DATA SEGMENT>
=== Section Start ===

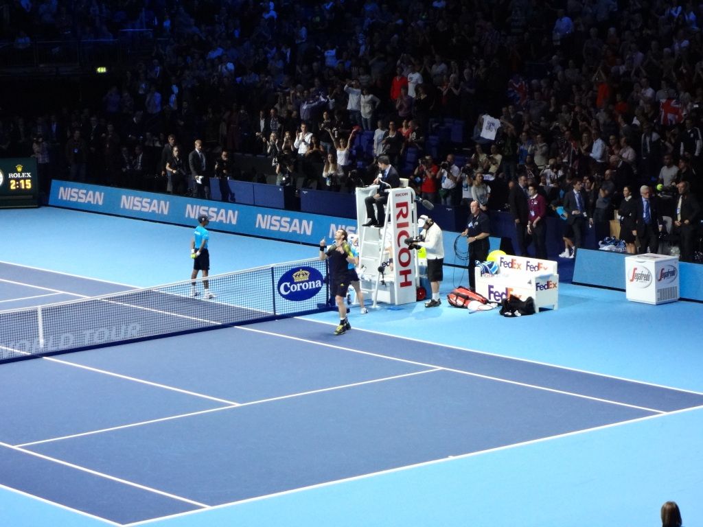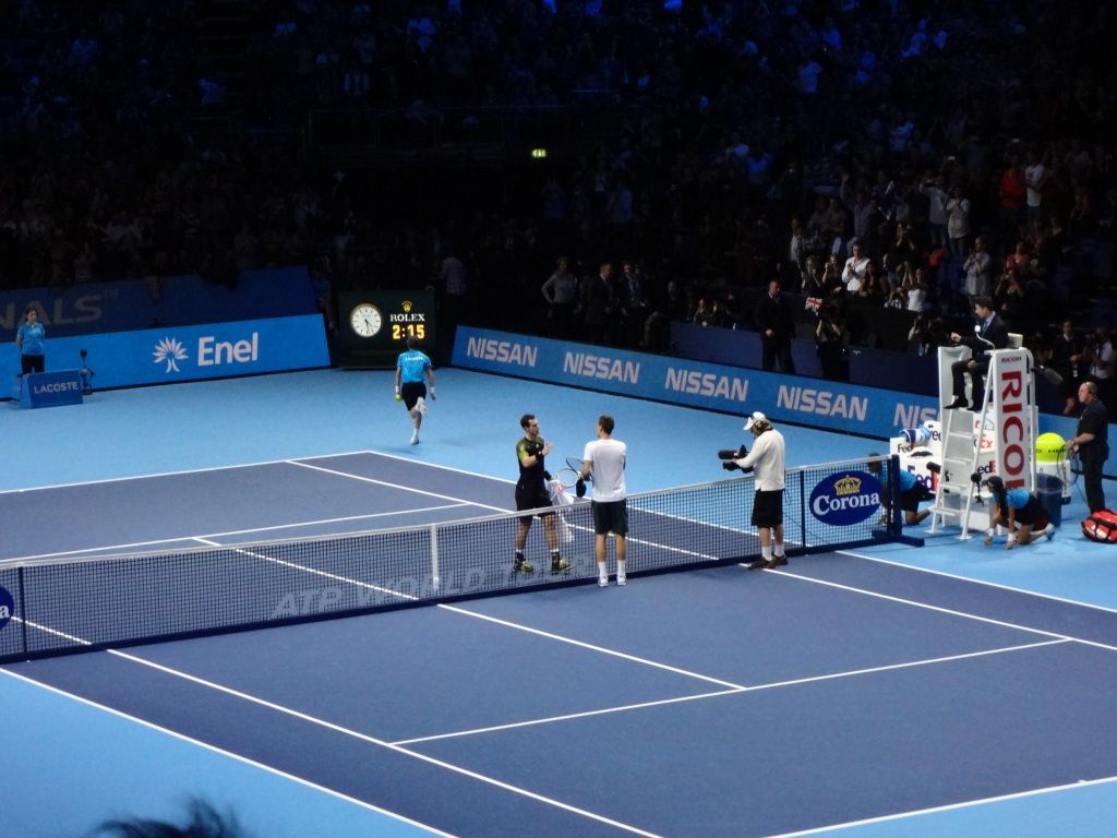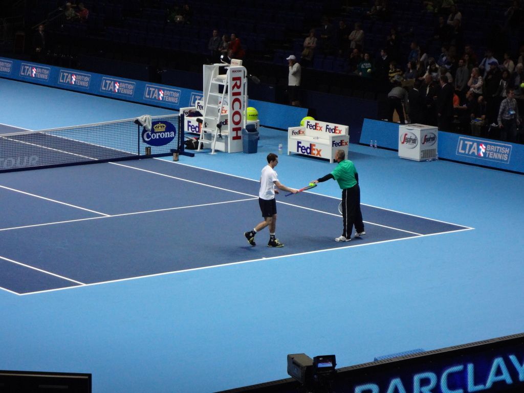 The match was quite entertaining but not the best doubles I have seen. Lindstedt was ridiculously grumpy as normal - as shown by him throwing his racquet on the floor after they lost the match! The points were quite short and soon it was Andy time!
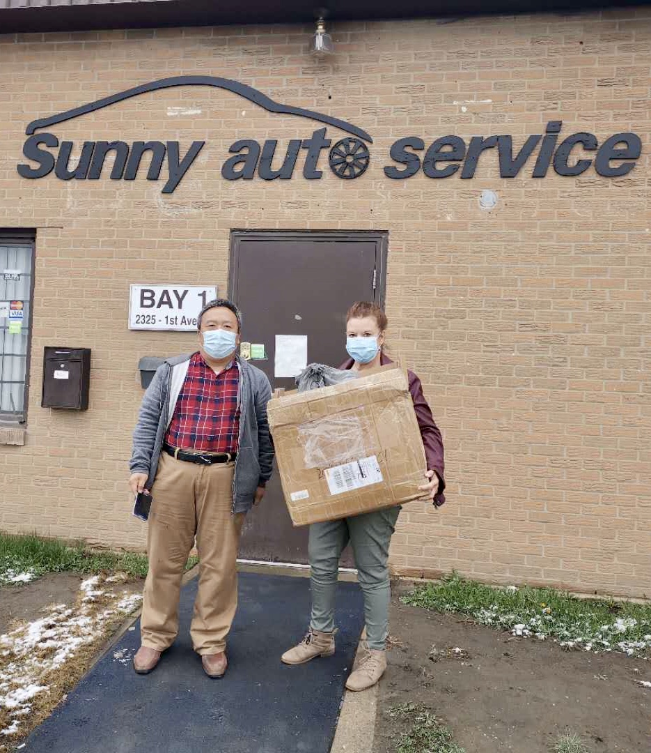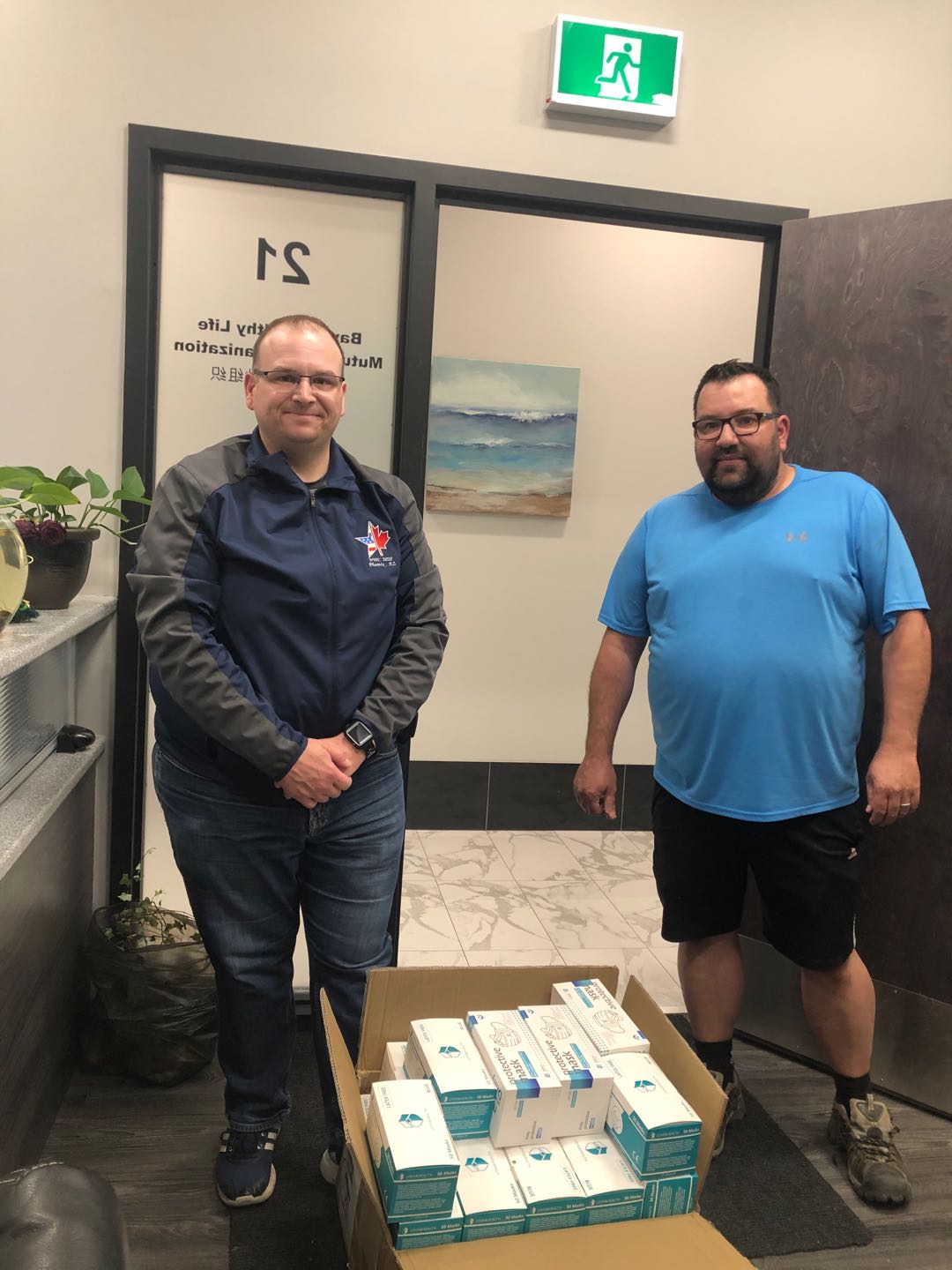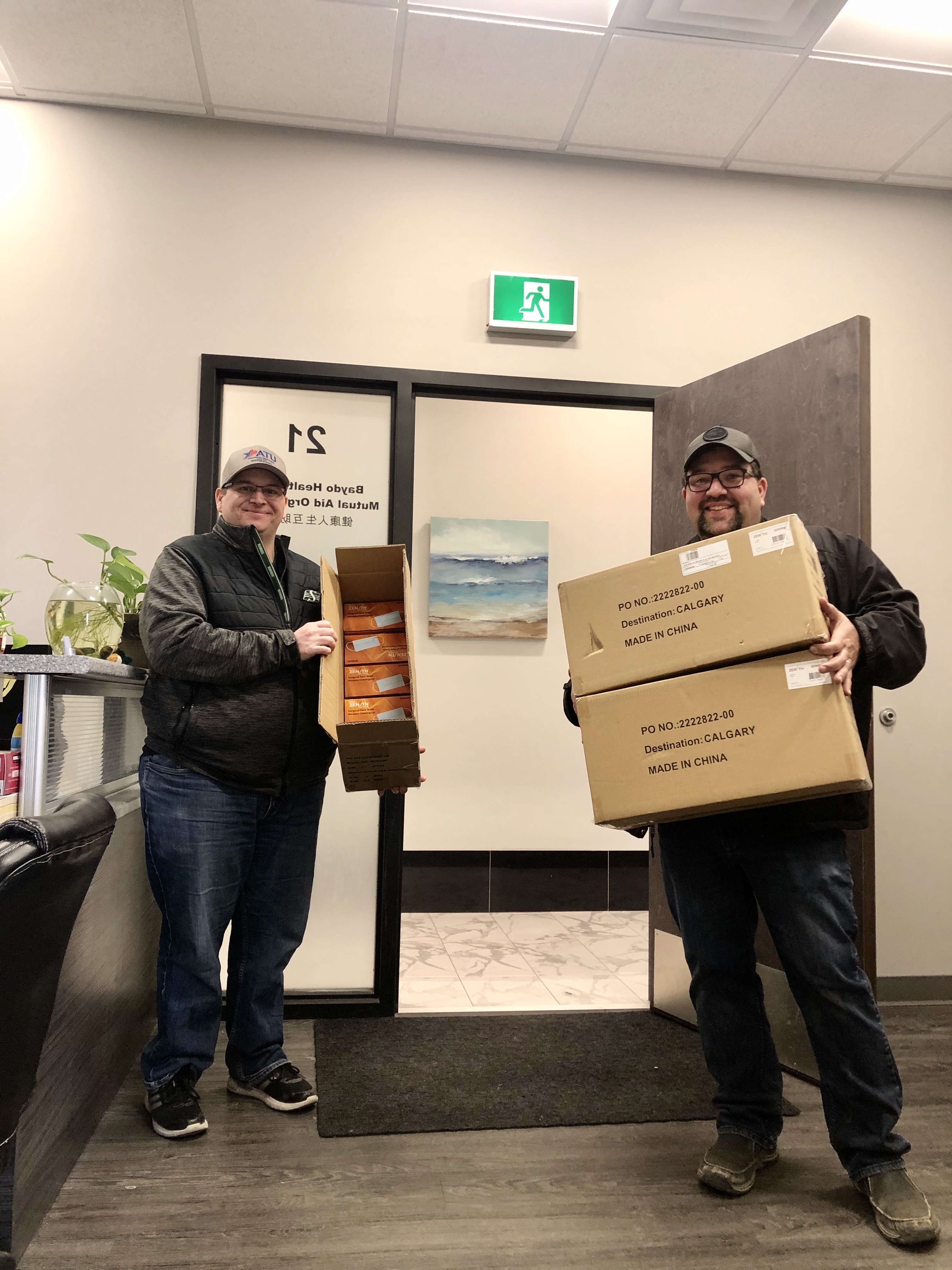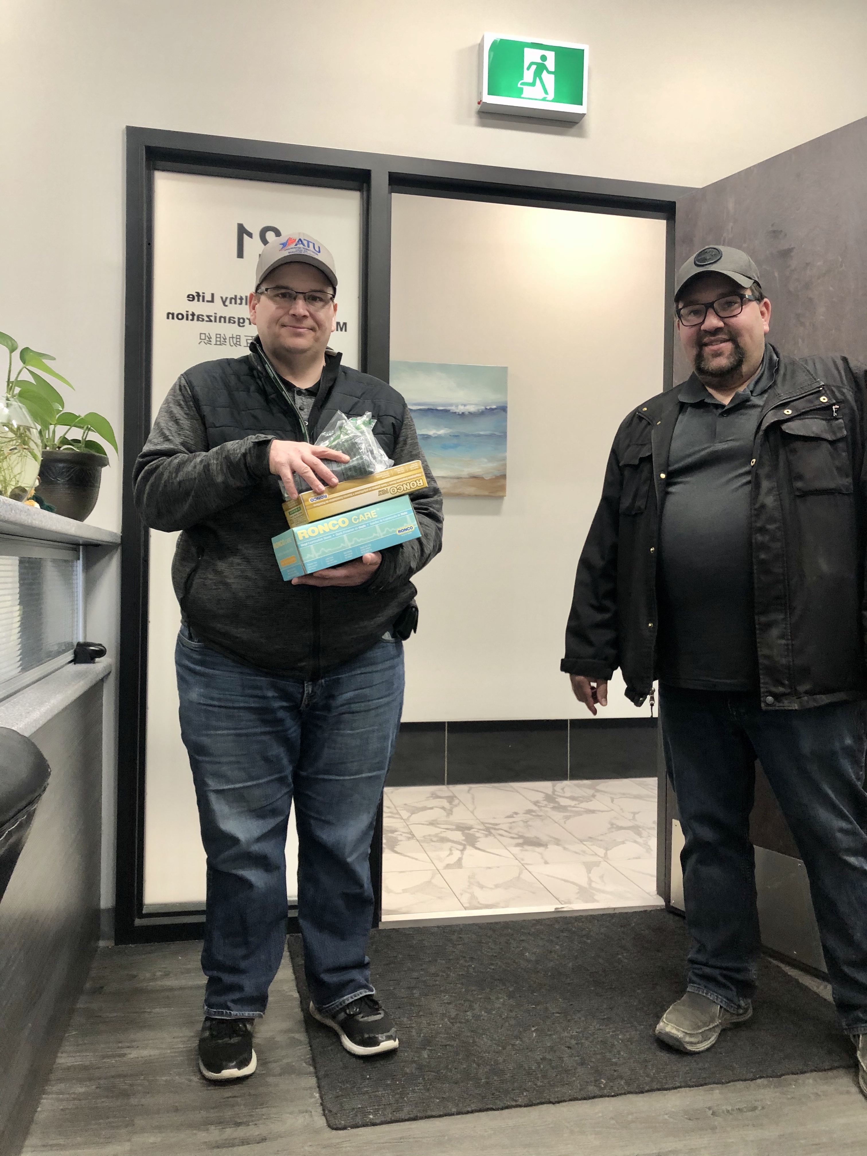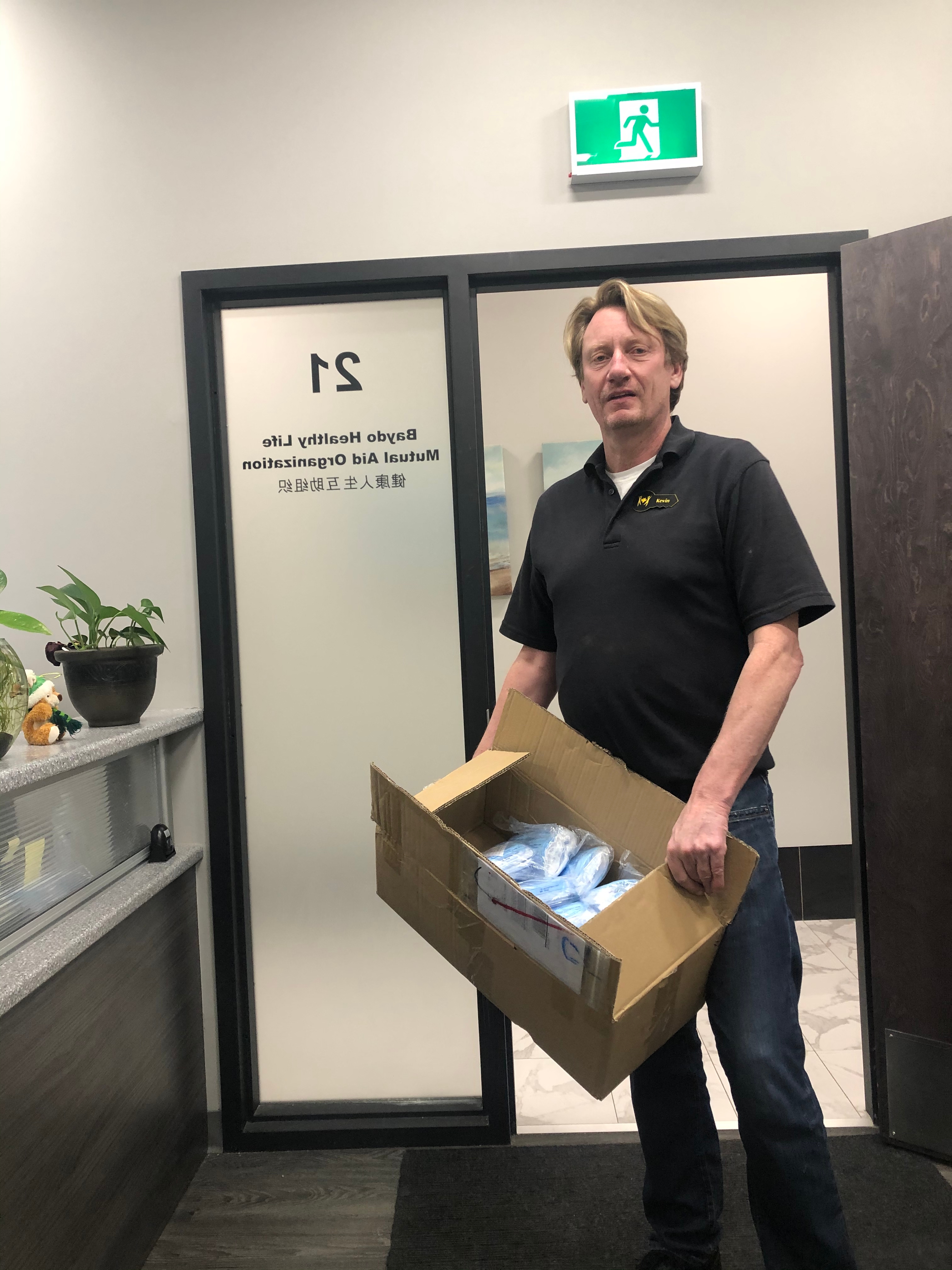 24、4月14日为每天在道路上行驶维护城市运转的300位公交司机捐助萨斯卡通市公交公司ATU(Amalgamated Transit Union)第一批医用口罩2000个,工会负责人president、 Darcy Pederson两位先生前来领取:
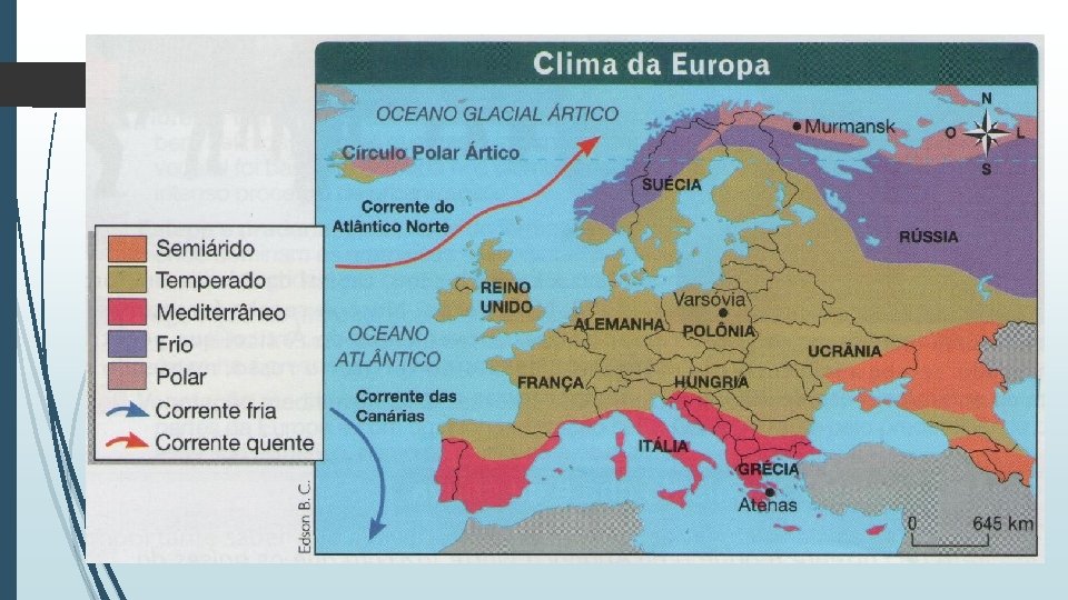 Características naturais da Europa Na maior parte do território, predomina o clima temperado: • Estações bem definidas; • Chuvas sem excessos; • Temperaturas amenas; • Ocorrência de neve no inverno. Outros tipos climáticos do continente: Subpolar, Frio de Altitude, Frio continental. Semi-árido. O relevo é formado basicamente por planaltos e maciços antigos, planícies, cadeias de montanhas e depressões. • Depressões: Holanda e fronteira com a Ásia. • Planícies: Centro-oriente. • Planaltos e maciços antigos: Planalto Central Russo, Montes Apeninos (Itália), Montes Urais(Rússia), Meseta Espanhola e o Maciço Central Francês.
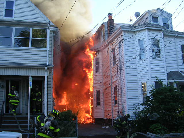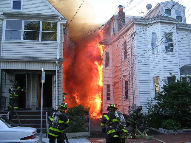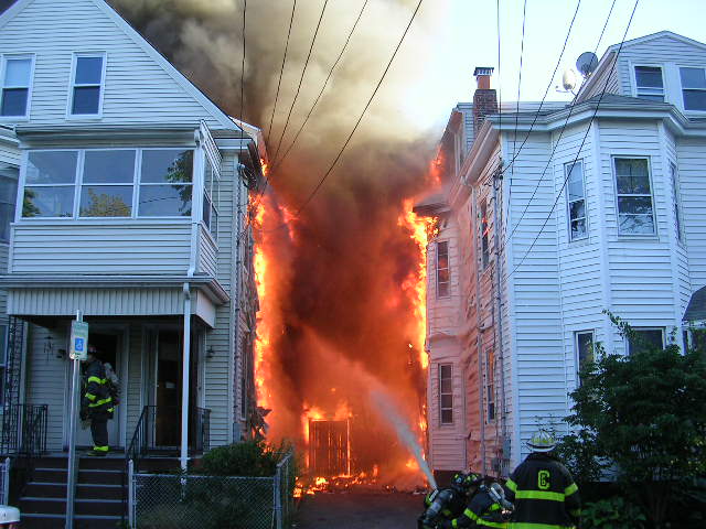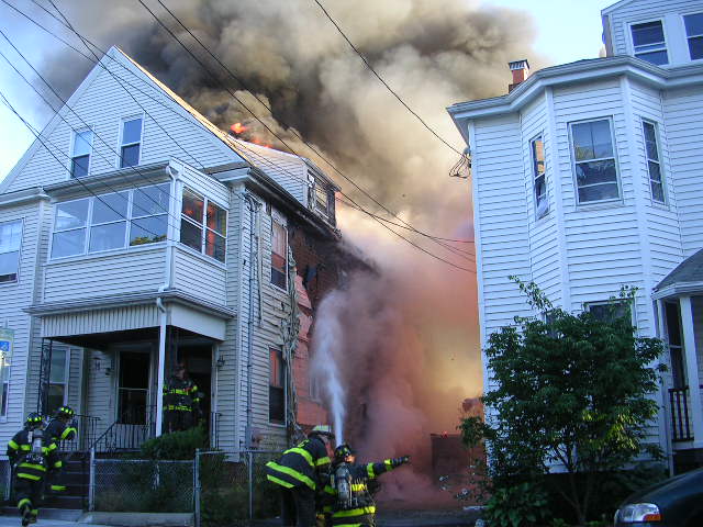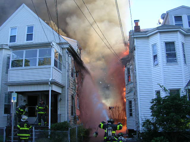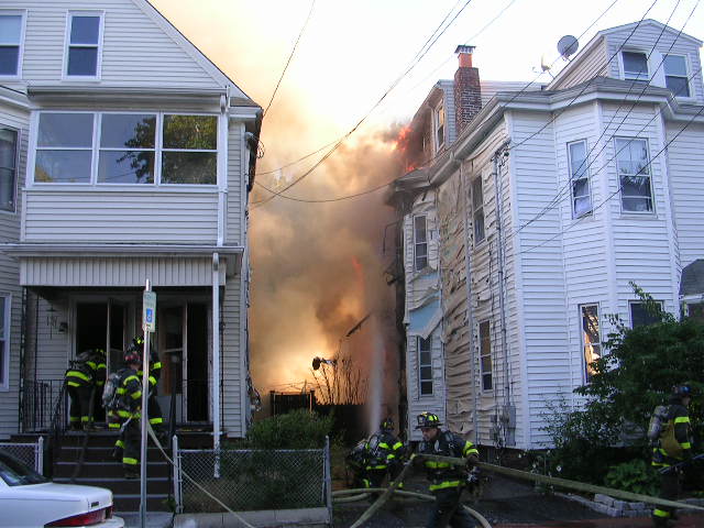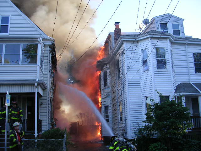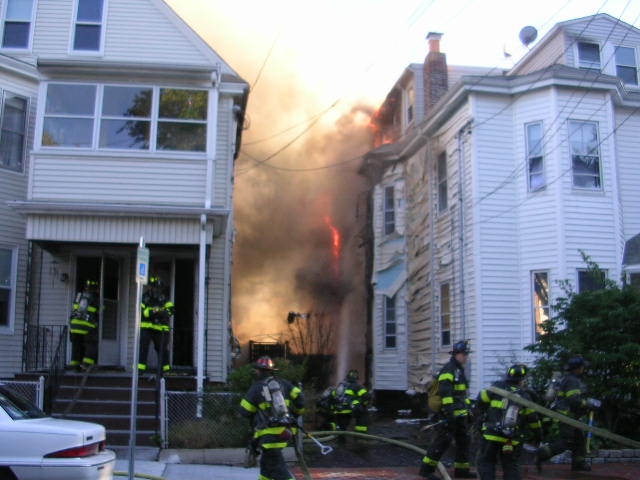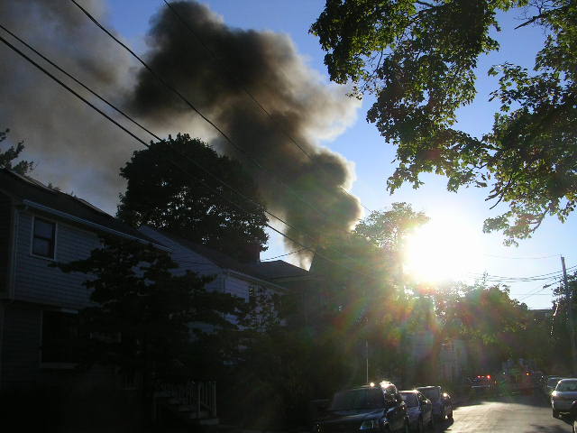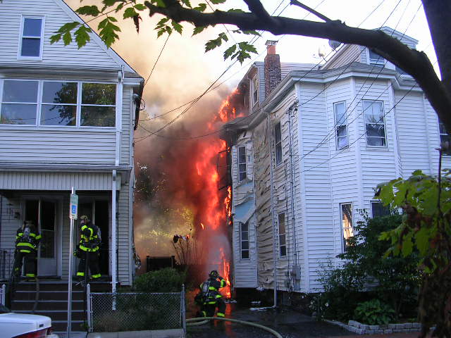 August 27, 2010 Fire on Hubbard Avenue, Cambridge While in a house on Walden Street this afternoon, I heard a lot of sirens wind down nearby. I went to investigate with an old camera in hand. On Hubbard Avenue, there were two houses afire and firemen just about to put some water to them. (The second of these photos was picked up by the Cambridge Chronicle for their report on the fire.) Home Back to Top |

=== Section End ===

ASSIGNED TASK>
An exact copy of the lines above, from the first through the line that holds "Transit Union)第一批医用口罩2000个,工会负责人president、 Darcy", is what is needed; leave the pictures out.

RESULT>
 The match was quite entertaining but not the best doubles I have seen. Lindstedt was ridiculously grumpy as normal - as shown by him throwing his racquet on the floor after they lost the match! The points were quite short and soon it was Andy time!
 24、4月14日为每天在道路上行驶维护城市运转的300位公交司机捐助萨斯卡通市公交公司ATU(Amalgamated Transit Union)第一批医用口罩2000个,工会负责人president、 Darcy Pederson两位先生前来领取:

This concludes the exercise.